The lander is now working on a series of tasks that will last a lunar day—about 14 Earth days—and a few hours into the lunar night.
The mission: Blue Ghost brought 10 science and technology payloads to research conditions on the Moon and test capabilities that will be critical for future crewed Artemis missions.
Many of these payloads will focus on studying lunar dust and regolith:
- Lunar PlanetVac from Honeybee Robotics will take samples of lunar regolith using—you guessed it—a vacuum-like technology.
- The Regolith Adherence Characterization (RAC) experiment from Aegis Aerospace will study how lunar dust sticks to a variety of materials, from solar panels to different spacecraft coatings.
- The Electrodynamic Dust Shield from NASA’s KSC will test whether electric fields can remove dust from surfaces.
- The Stereo Camera for Lunar Plume-Surface Studies (SCALPSS) will take images to study how lunar dust spreads during a powered lunar landing.
Other payloads on board include a radiation tolerant computer from Montana State University; a lunar GNSS receiver from NASA and the Italian Space Agency to determine whether Earth’s GNSS capabilities can extend to the Moon; and instruments to better understand solar wind, the lunar thermal environment, and the composition of the Moon’s mantle.
“It’s going to answer so many questions over this one lunar day-long mission.

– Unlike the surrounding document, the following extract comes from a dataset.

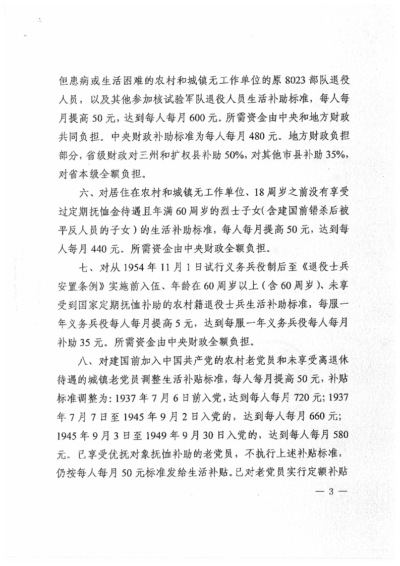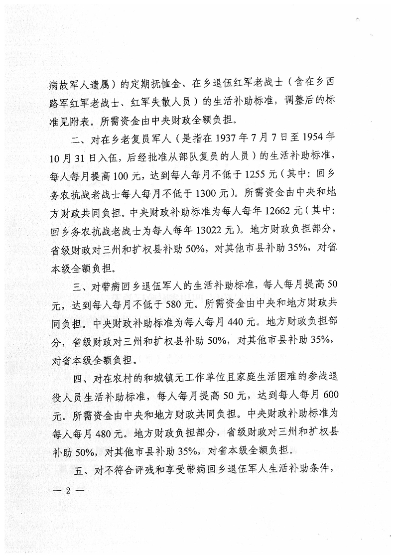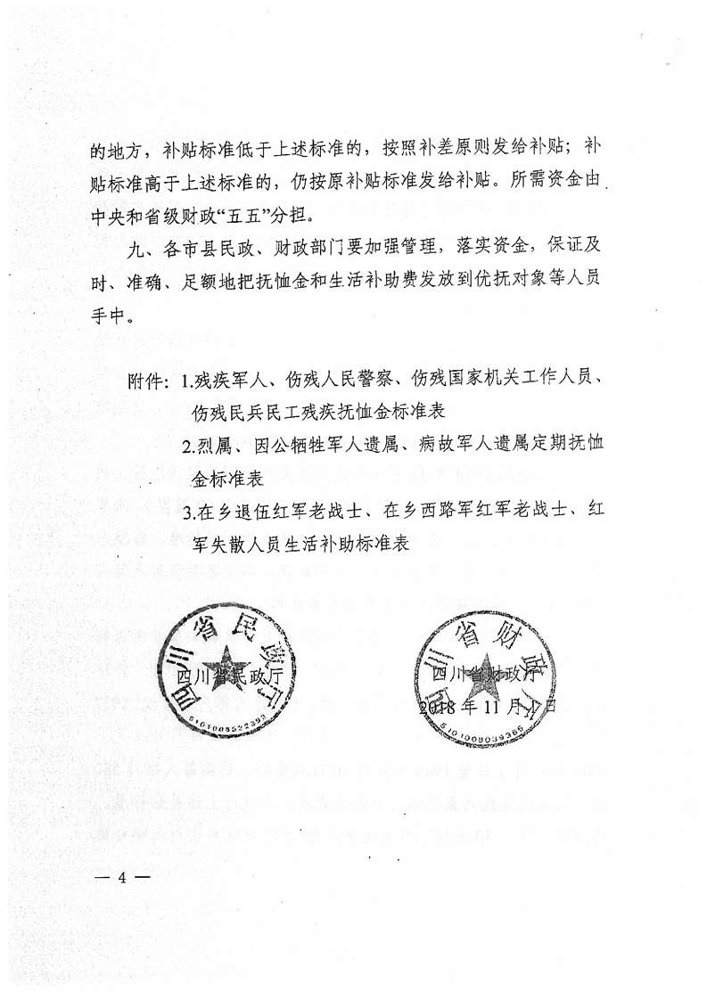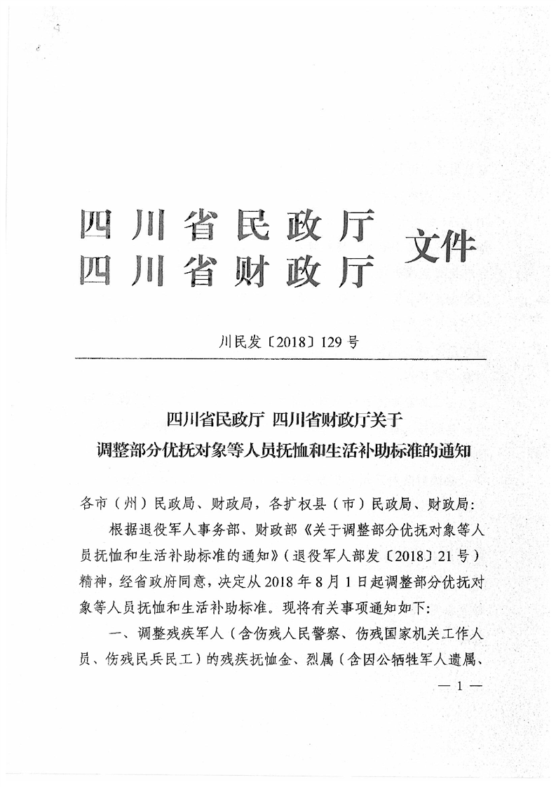 四川省民政厅四川省财政厅关于调整部分优抚对象等人员抚恤和生活补助标准的通知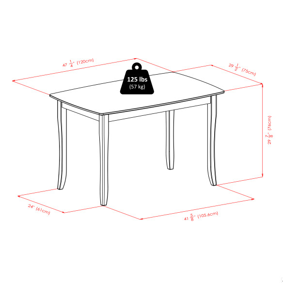 - Table top and legs feature slightly curved design for a classic look

It’s going to really be one for the history books,” Joel Kearns, deputy associate administrator of NASA’s science mission directorate, said at Firefly’s landing event. “They made it look easy, and it’s not easy.”
Floodgates open: Firefly may be the first to arrive this year, but more missions are already en route to join Blue Ghost.
- Intuitive Machines’ Nova-C lander will attempt the company’s second landing on Thursday with payloads onboard to begin the hunt for lunar water ice.
- ispace’s Resilience lander launched in January, but it’s taking the scenic route to the Moon and aims to land later this spring. It will deploy its Tenacious rover, as well as equipment to demonstrate the production of oxygen and hydrogen on the lunar surface.